Without those enhanced subsidies, average monthly premium payments rose dramatically in 2026. Consumers now pay an average of $178 per month after subsidies, up 58% from $113 in 2025.

Analysts said the increase would have been even larger if many consumers had not switched to lower-cost, higher-deductible plans.

Consumers above subsidy cliff hit hardest

The report found that Americans earning just above the subsidy eligibility threshold were disproportionately affected.

Consumers with incomes between 400% and 500% of the federal poverty level accounted for only 3% of Marketplace sign-ups in 2025, but represented 27% of the overall decline in coverage in 2026.

Plan selections among this group fell by 44%, or more than 321,000 people.

Overall, consumers above the so-called “subsidy cliff” accounted for nearly half of the decline in Marketplace enrollment despite making up a relatively small share of total enrollees.

Deductibles jump to record highs

As premiums increased, many consumers shifted from silver plans to cheaper bronze plans with significantly higher out-of-pocket costs.

The share of consumers selecting bronze plans rose from 30% in 2025 to 40% in 2026, while silver plan enrollment fell to a record low of 43%.

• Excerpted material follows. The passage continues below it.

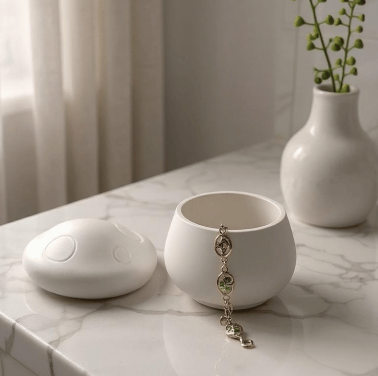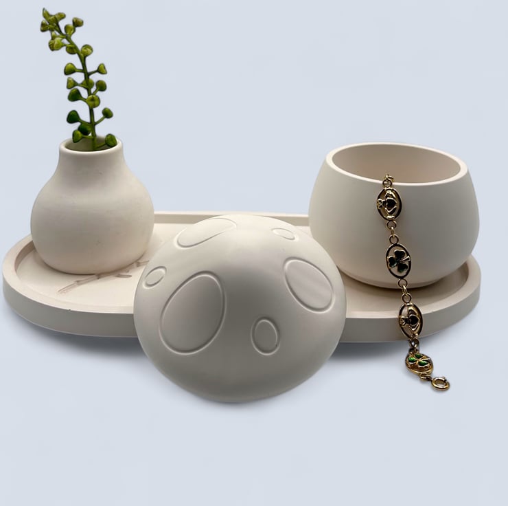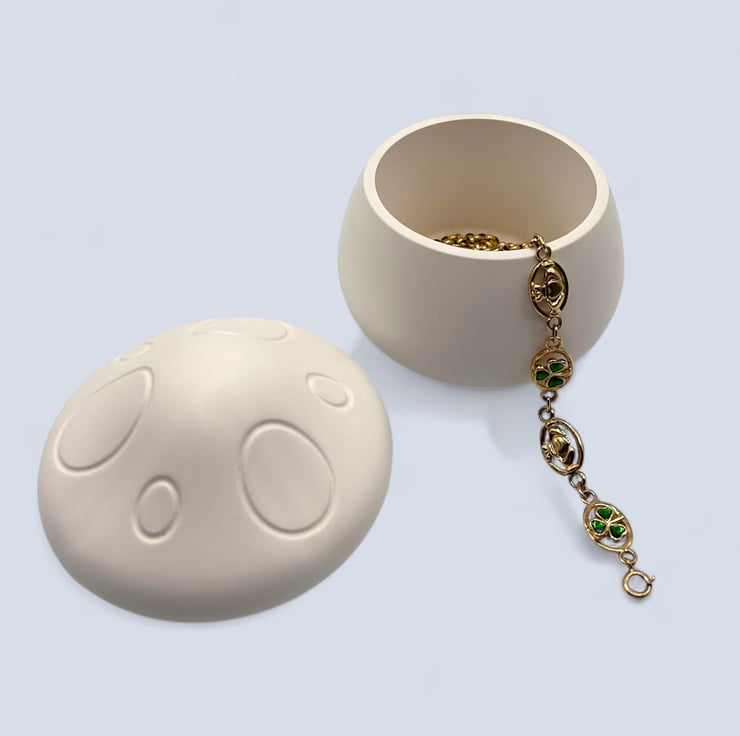 The box is handmade from a natural water-based mineral material with a hard stone-like finish. Each piece is made in my home studio, and subtle air bubbles or slight colour variations are part of the handmade process, giving every box its own individual character. The lid lifts smoothly to reveal a little space for rings, earrings or other small items.

As a result, average ACA Marketplace deductibles surged by 37%, rising from $2,759 in 2025 to a record $3,786 in 2026 — the steepest increase since the ACA marketplaces were created.

Low-income consumers eligible for cost-sharing reductions also increasingly moved away from silver plans, despite those plans offering much lower deductibles.

Young adults leaving coverage at high rates

Young adults ages 18 to 34 accounted for the largest share of enrollment losses.

Marketplace sign-ups in that age group declined by roughly 542,000 people, or 8%, representing nearly half of the overall drop in enrollment.

Insurers had previously warned that younger and healthier consumers would be among the first to leave the Marketplace if subsidies expired because they are more sensitive to premium increases.

State-level differences emerge

Marketplace enrollment declined in 41 states, with North Carolina, Ohio and West Virginia experiencing some of the steepest drops.

However, a few states managed to stabilize or even grow enrollment through additional state-funded subsidy programs. New Mexico recorded an 18% increase in Marketplace sign-ups after implementing supplemental financial assistance programs to offset the loss of federal subsidies.

Analysts cautioned that the full impact of the subsidy expiration may not become clear until later in 2026 as additional consumers lose coverage due to nonpayment or rising healthcare costs.